= AP Diving =

British manufacturer of underwater diving equipment

AP Diving or Ambient Pressure Diving, formerly known as A.P.Valves, is a British manufacturer of diving equipment at Water-Ma-Trout in Helston, Cornwall, England. They produce a range of scuba and surface-supplied diving equipment including buoyancy compensator jackets and the Inspiration range of electronically controlled closed circuit diving rebreathers.

The firm started in 1969 making a valve to allow a diver to breathe from a stabiliser jacket buoyancy compensator's inflation cylinder. They progressed to making divers' adjustable buoyancy life-jackets and stabiliser jackets, and then other diving equipment such as rebreathers. and diving accessories etc.

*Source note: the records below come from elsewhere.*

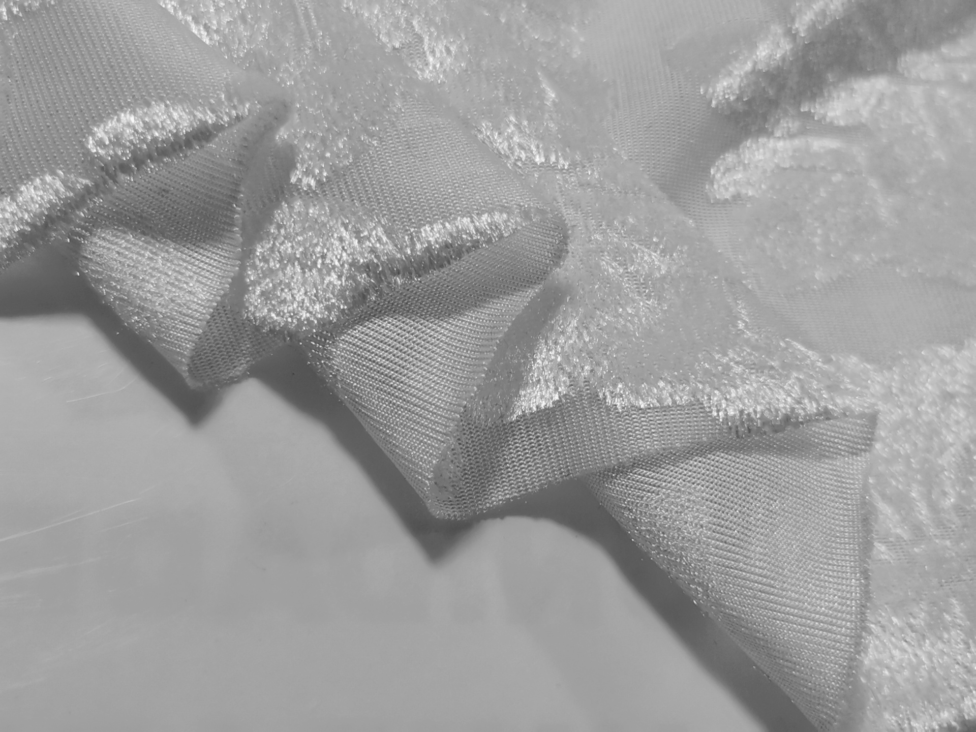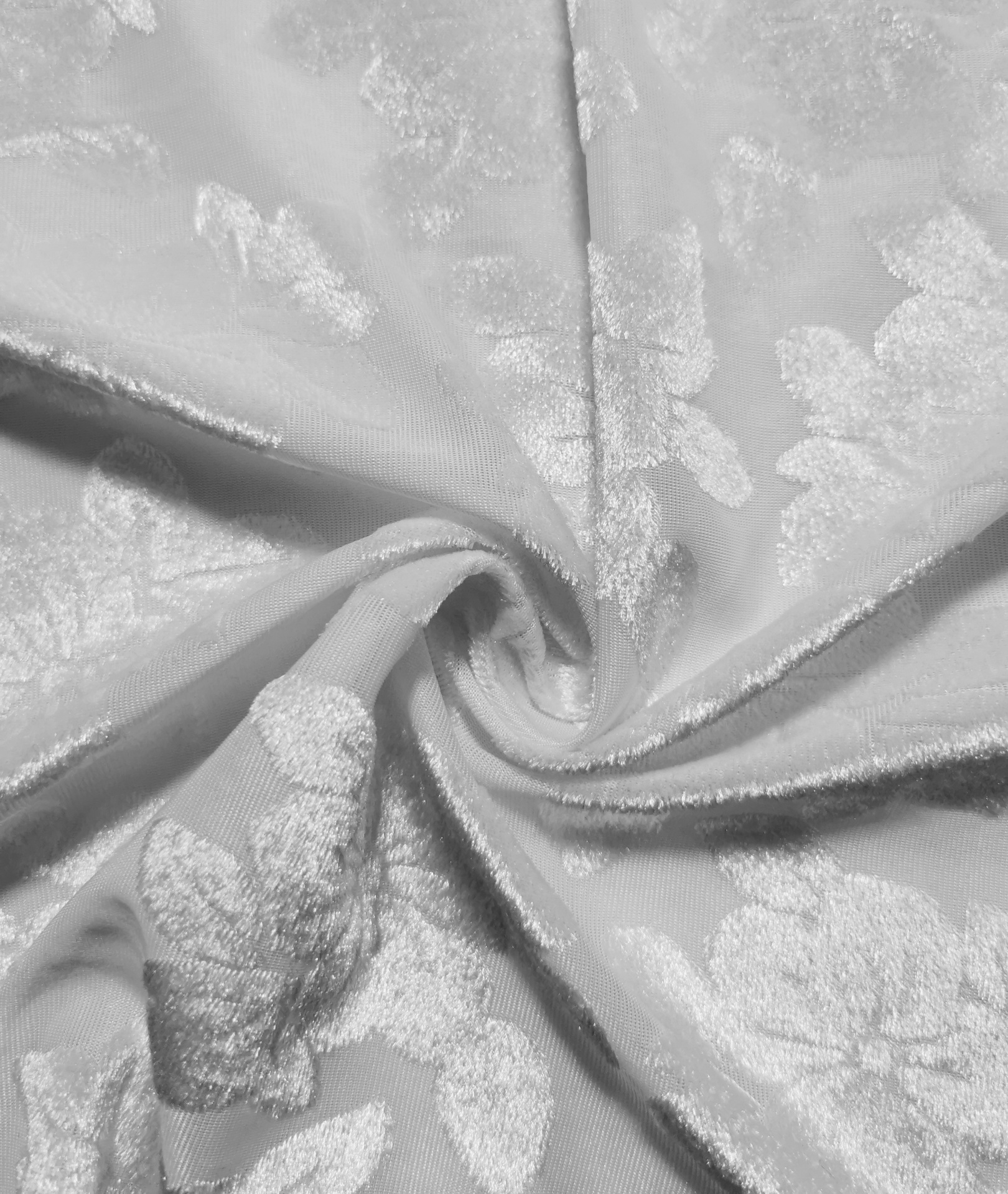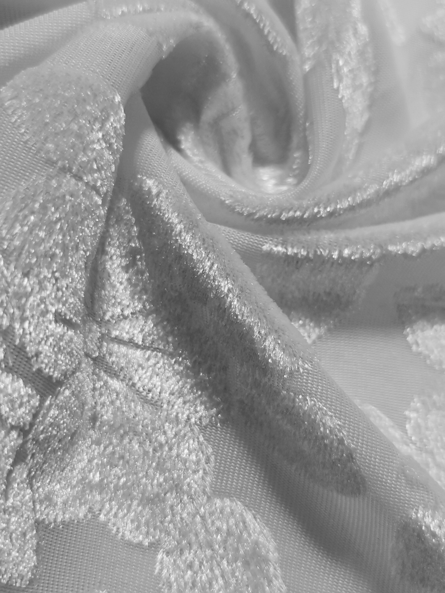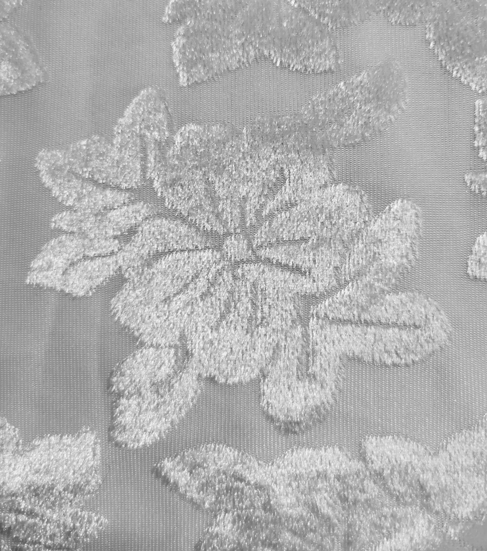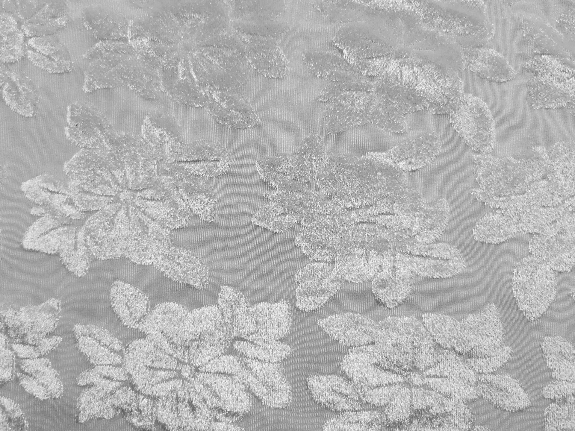 Malha com boa elasticidade em ambos os sentidos, flores em relevo veludo, muito confortável e bom caimento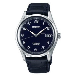 Seiko presage automatic mens watch SJE077J1. Stainless steel (super hard coating) case with a Crocodile leather strap, black dial. Case size 39.5 mm. Water splash resistant. Automatic movement. Box shaped sapphire crystal.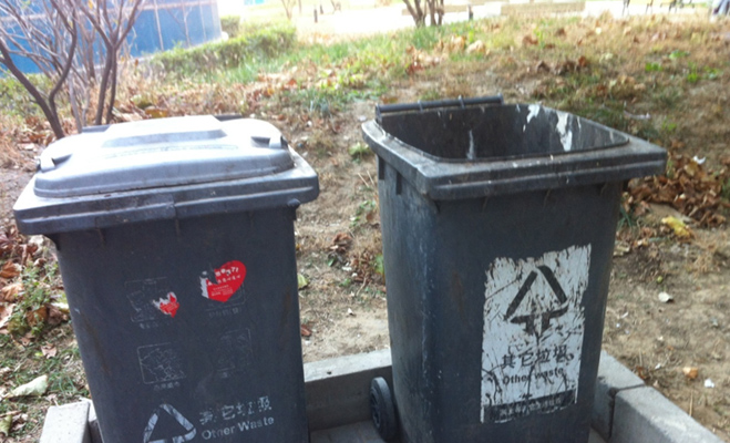 除了幾棵大樹之外,小區基本上沒有綠化,以前貌似種過綠草的地方,如今枯黃一片。垃圾桶早就已經破舊不堪,在殘留的文字上,依稀可見當時也曾嘗試過的垃圾分類。小區內沒有兒童休息場所、也沒有健身器材,只是設有幾個孤零零的座椅。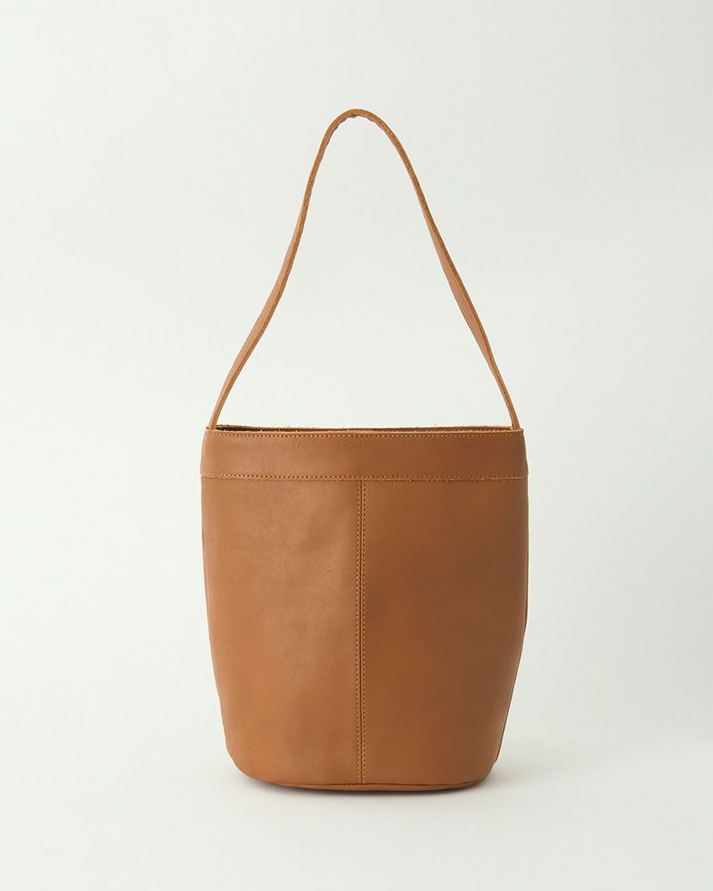 楕円の底マチにそって真ん中がぷっくりと膨らんでいるバケツ型で、すっきりとかわいい印象。見た目以上にたっぷり入って、たくさん入れてもシルエットが崩れにくいかたちです。500mlのペットボトルやお弁当、A5ノートやiPadもきちんと収まるのでお仕事バッグとしても頼りになりそう。あなたの毎日を、まあるく支えてくれる存在です。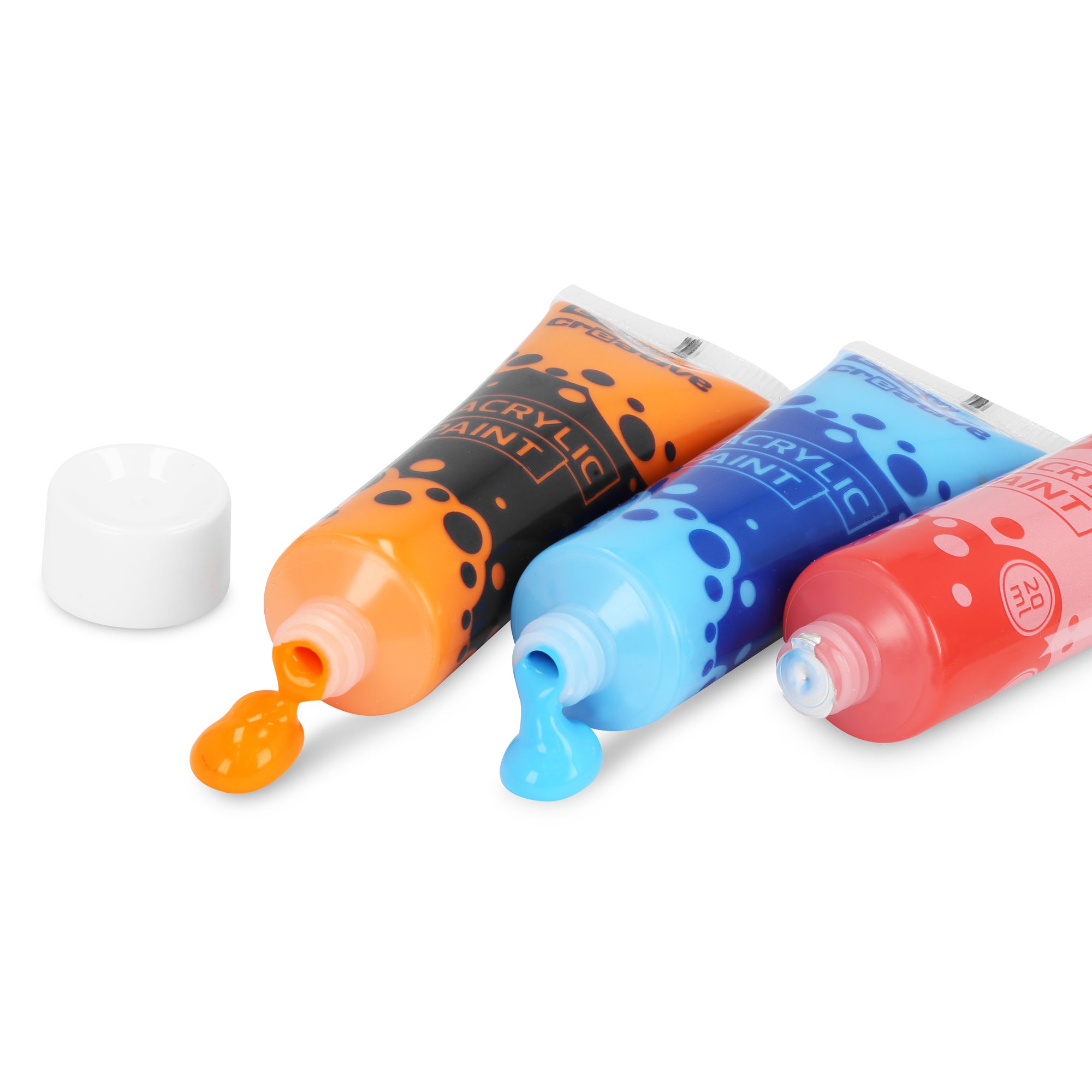 Akrylové barvy mohou používat i děti. Jsou vyráběny na bázi vody, akrylové pryskyřice a pigmentu, takže jsou netoxické. Balení akrylových barev Easy Creative obsahuje 12 intenzivních barev. Krémová konzistence a vysoce kvalitní pigmenty zaručují snadnou aplikaci a velmi dobré krytí malovaných ploch. Díla vytvořená těmito barvami mají živé a trvanlivé barvy.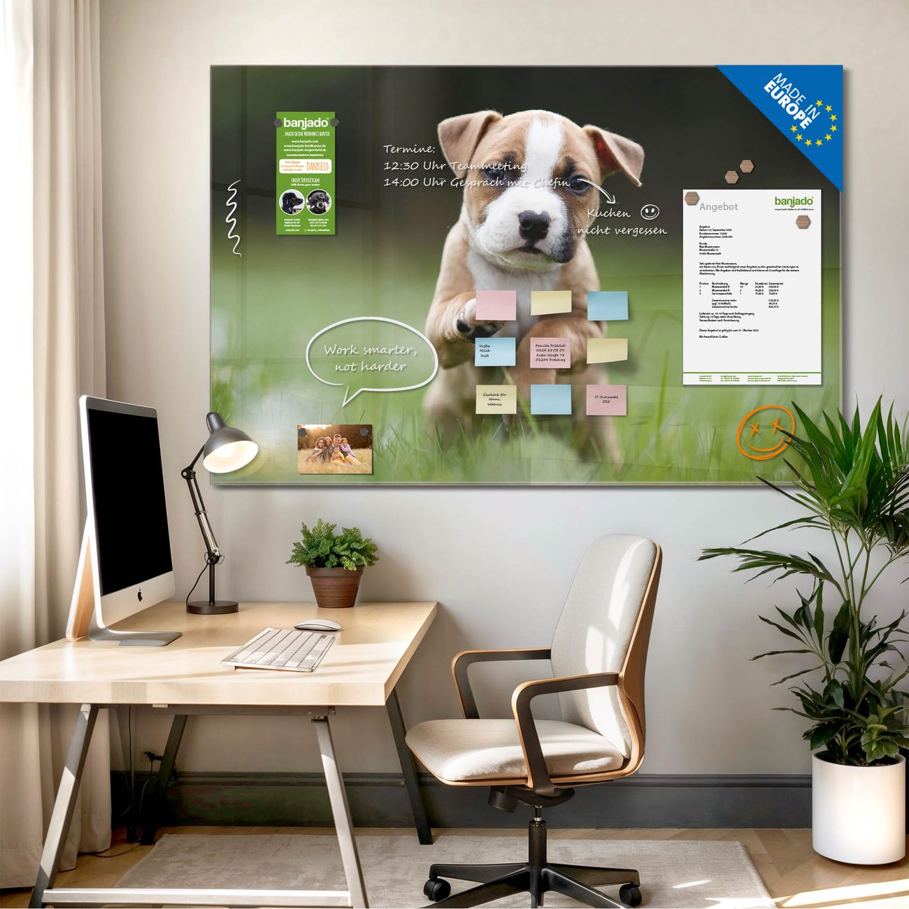 Die banjado Glas Magnettafel mit dem Motiv Motiv Welpe im Gras verbindet Funktionalität mit Stil. Sie ersetzt das Zettelchaos durch klare Strukturen und bringt dabei eine warme, natürliche Atmosphäre in Ihr Zuhause. Ob im Büro, in der Küche oder im Eingangsbereich - dieses Design-Board zieht Blicke an und sorgt für Ordnung mit Charakter.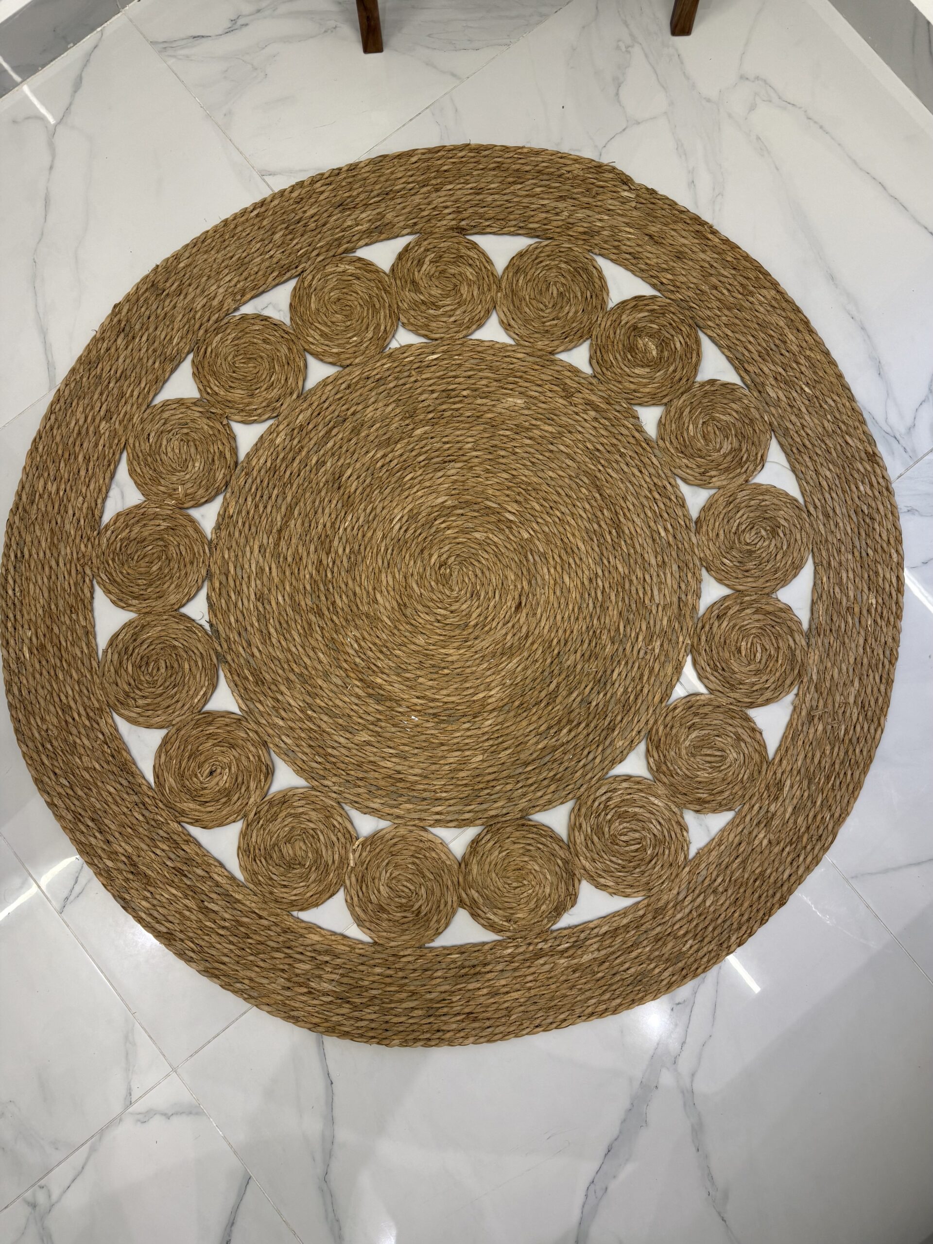 A handcrafted round mat featuring concentric woven circles in natural fiber. Warm, textural, and timeless—perfect for elevating table settings or décor displays.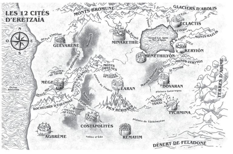 Malgré ces inégalités de destinée, aucune protestation ne s’élevait à Laran, car pour tous les citoyens, ce système bien huilé depuis des siècles garantissait la paix. L’inconscient collectif était profondément marqué par les nombreuses années de guerres qui avaient ravagé les différentes contrées du monde d’Eretzaïa il y a bien longtemps. Depuis ces jours obscurs, la crainte de sombrer à nouveau dans le chaos les avait amenées à s’isoler les unes des autres derrière des forteresses. Douze grandes cités-États avaient ainsi été fondées. Dès lors, les allées et venues furent strictement limitées au commerce et à la diplomatie ; sans autorisation des autorités, nul ne pouvait plus voyager ni se déplacer.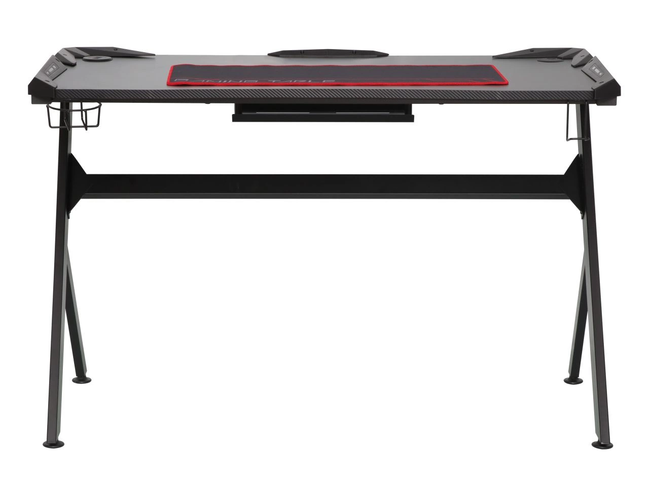 Stůl Jayce je vybaven praktickým držákem na nápoje a speciálním věšákem na sluchátka či příslušenství, takže vše důležité máte vždy po ruce. Pevný kovový rám zaručuje dlouhou životnost a odolnost vůči intenzivnímu používání, zatímco deska s povrchem imitujícím uhlíkové vlákno se snadno udržuje čistá i při častém používání.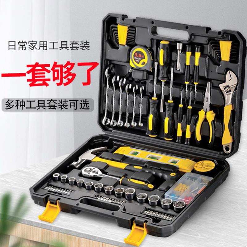 五金工具箱套装家用多功能家庭车载工具盒电工维修大全万能工具盒9件套家用工具套装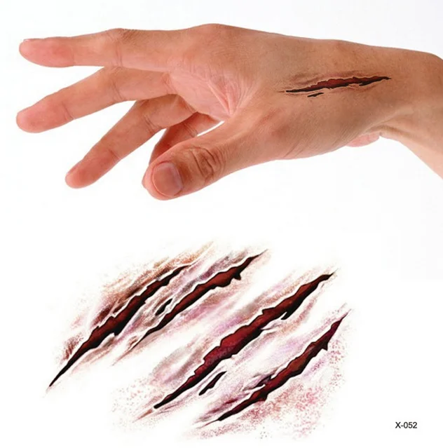 Поддельные порезы используются для проведения праздников, например, они будут актуальны на Хэллоуин. Особенной популярностью пользуются фото пошагово, если нет средств сделать такую искусственную татуировку в салоне.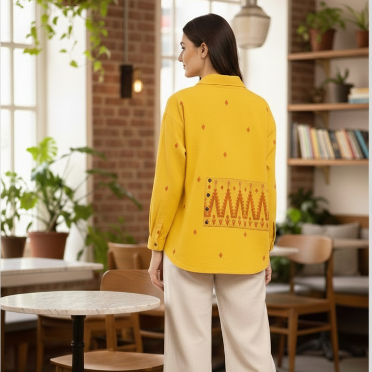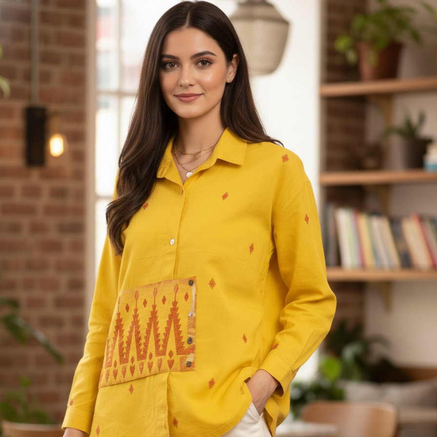 Crafted in handwoven Jamdani cotton, this yellow shirt features a contemporary anti-fit silhouette . The shirt is finished with flared sleeves and a bold Jamdani border at the hemline, adding depth and character to the overall form.

They often exhibit at diving trade shows.

==Product lines==
- "Inspiration" rebreathers have been in production since 1997. The earliest model, now known as the Inspiration classic, reached the end of its product support life in April 2017 after 20 years. It has been superseded by more recent models using different electronic control systems, which are backwards compatible with the original architecture.
- "Buddy" and "Commando" - recreational and military scuba buoyancy compensators.
- "Mk IV Jump Jacket" - a buoyancy compensator designed for use with surface supplied diving equipment.

==Awards==
In January 2018 Martin Parker, Managing Director of AP Diving, received the European Underwater Federation Lavanchy Award at the Boot Show in Düsseldorf.